Peon, I too used to shoot with fingers. After about 10 years out of bowhunting I bought a different bow and a release. What a difference! My advice would be to find a reputable bow shop and let them set you up. It is money well spent plus they can install chosen accesories if needed in half the time that you can. Good luck


----------



## Lundy (Apr 5, 2004)

I've shot both fingers and release for a bunch of years. The release would be the easiest by far. Shooting fingers just introduces a whole new set of problems to overcome that you don't need to deal with.

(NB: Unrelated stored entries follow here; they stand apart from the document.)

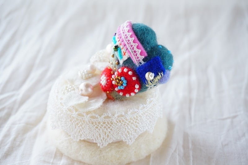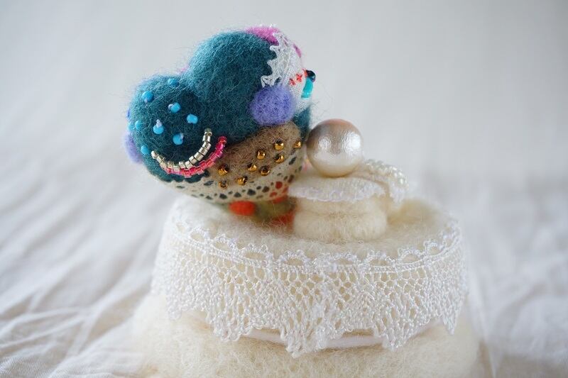 羊毛フェルトとビーズで出来たハートの置物6/6
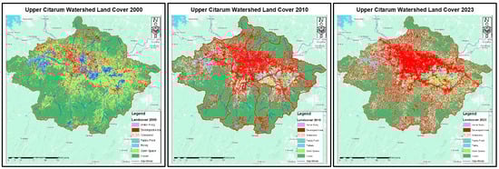 Land Use Change from 2000, 2010, and 2023 in the Upper Citarum Watershed.
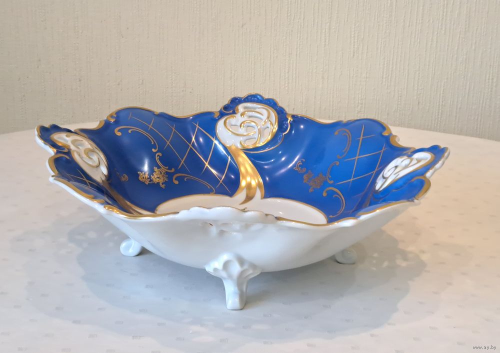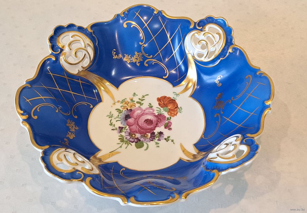 Фарфоровая ваза или блюдо ручная роспись Weimar Porzellan DDR ГДР ХХ век, диаметр 32 см., высота 9 см.
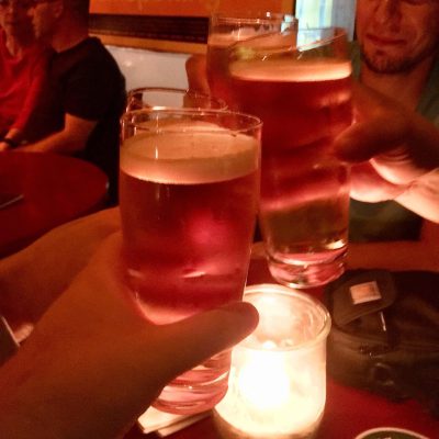 Auch nach diesem Abstecher blieb in der abends mächtig belebten Neustadt noch genug Auswahl für weitere gastronomische Impressionen. Nächster Stopp war die Bar Paradox mit einer sehr großen Craftbeerauswahl auf der Schiefertafel. Irgend ein experimenteller Kleinsud aus dem Hause Maisel kam in den Hunken, aber ich weiß den Namen nicht mehr. Alsbald zogen wir in den Irish Pub namens Old Beams weiter. Hier gab es stilgerecht Guinness und ein interessantes Gespräch mit Gunnar vom Nachbartisch. InterCityBerger saß am nächsten dran und musste den Wendeverliererversteher mimen. Er versuchte seine Argumente gegen Parteien wie die AfD und über die Vorzüge unseres Systems nicht als Besserwessi vorzubringen. Nichtsdestotrotz wird Gunnar wohl auch nach der Begegnung mit Berger immer noch der Meinung sein, dass die BRD kein freies Land und ein Unrechtsstaat ist. AfD oder so will er aber nicht wählen, weil wenn Wahlen was ändern würden, wären sie laut ihm schon längst verboten.
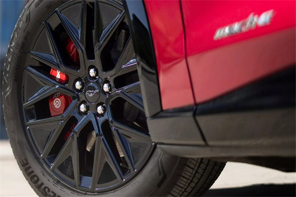 据悉,福特新款Mach-E车型将配备全新的运动外观套件,该套件仅适用于Premium车型,其头部饰板和格栅借鉴了Mustang Mach-E GT的造型设计,并提供19寸熏黑轮毂、熏黑外观套件、Brembo前制动卡钳以及内饰红色对比色缝线等。
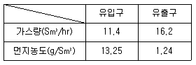 아래 표는 전기로에 부설된 bag filter의 유입구 및 유출구의 가스량과 먼지농도를 측정한 것이다. 먼지통과율을 구하면?
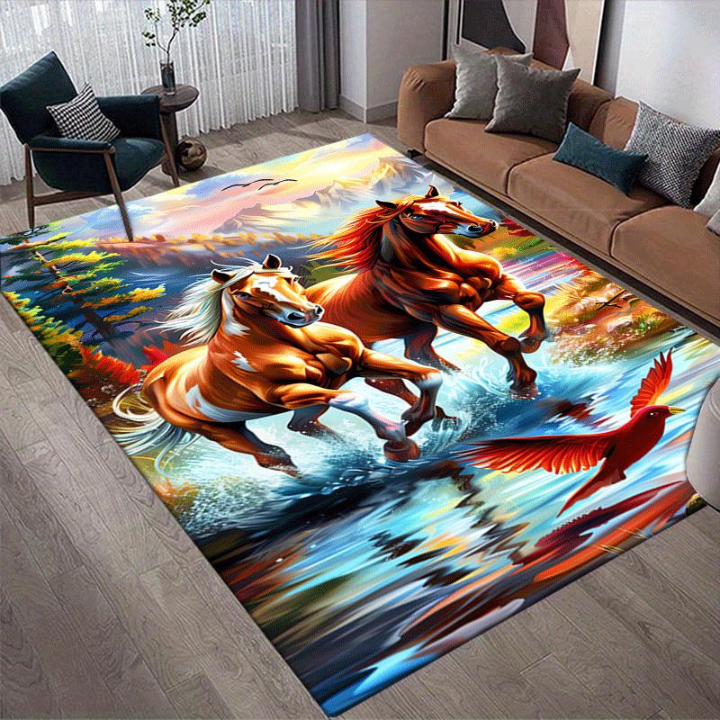1pc Running Horse Print, Design Indoor Area Rug - Soft, Anti-Slip, and Durable Gaming Room Decor for Bedroom, Living Room
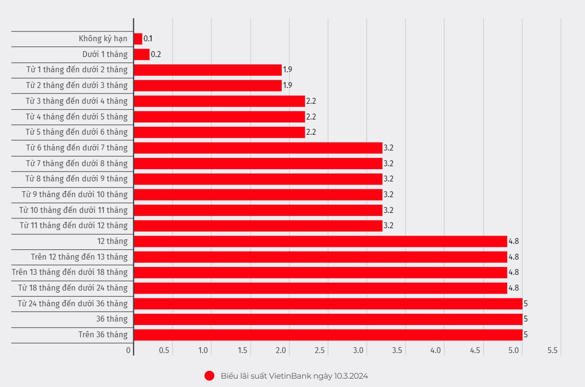 Ghi nhận của PV Lao Động ngày 10.3.2024, VietinBank niêm yết lãi suất huy động quanh ngưỡng 1,9 - 5%/năm.
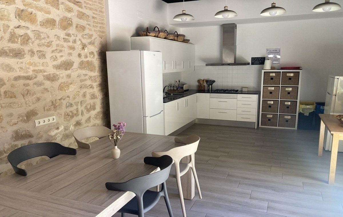Consta de set dormitoris amb bany privat; espais comuns per compartir; una zona per deixar bicicletes, netejar-les i reparar-les; una cuina
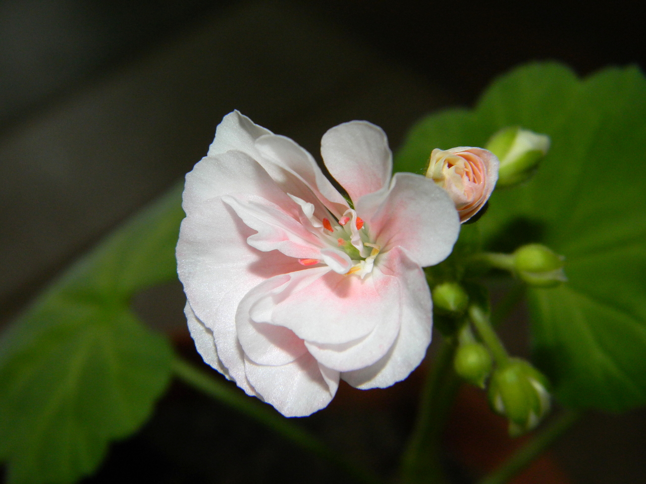 К сожалению, показать изумительную алую розебудную пеларгонию пока не могу: не получается ее сфотографировать ну совсем. Зато есть другие, не менее прелестные, экземпляры.
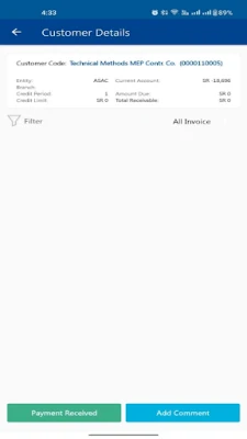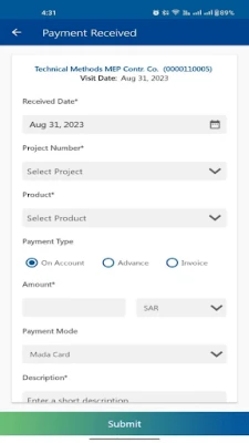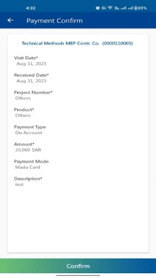 • Review AR and Payments by Sales Engineers and Collectors • Real time tracking of payments approval or rejection status by Credit Controls team based on payment delivery status • Immediate reflection on organizational database • Not limited with a payment method. Applies on (Cash, MADA & Bank Transfer)

I still hunt with fingers versus release 75% of the time. I'm getting old and might forget the release, I never seem to forget to take my fingers with me.


----------



## peon (Feb 28, 2005)

thanks for all the info i ended up buying a t.r.u. ball nok the metal screw on kind.. and bought a kisser button.. i dont think ill be hunting this year my arm needs to heal up so i can practice shoot first !! ill probally just hunt next year!


----------



## bkr43050 (Apr 5, 2004)

Lundy said:


> I still hunt with fingers versus release 75% of the time. I'm getting old and might forget the release, I never seem to forget to take my fingers with me.


 Yeah but if you are like me you and shoot with a finger tabthen you will forget it too. I think I forgot it more than I do my release. I have switched completely over to release now. I find it easier to stay consistent with my release technique and with my old back and shoulders it aids in drawing ease.


----------



## Lundy (Apr 5, 2004)

I too have forgotten or dropped my tab, fortunately I had tabs in almost every pocket, but I've killed a couple a deer with no tab or glove, just good ole skin.


----------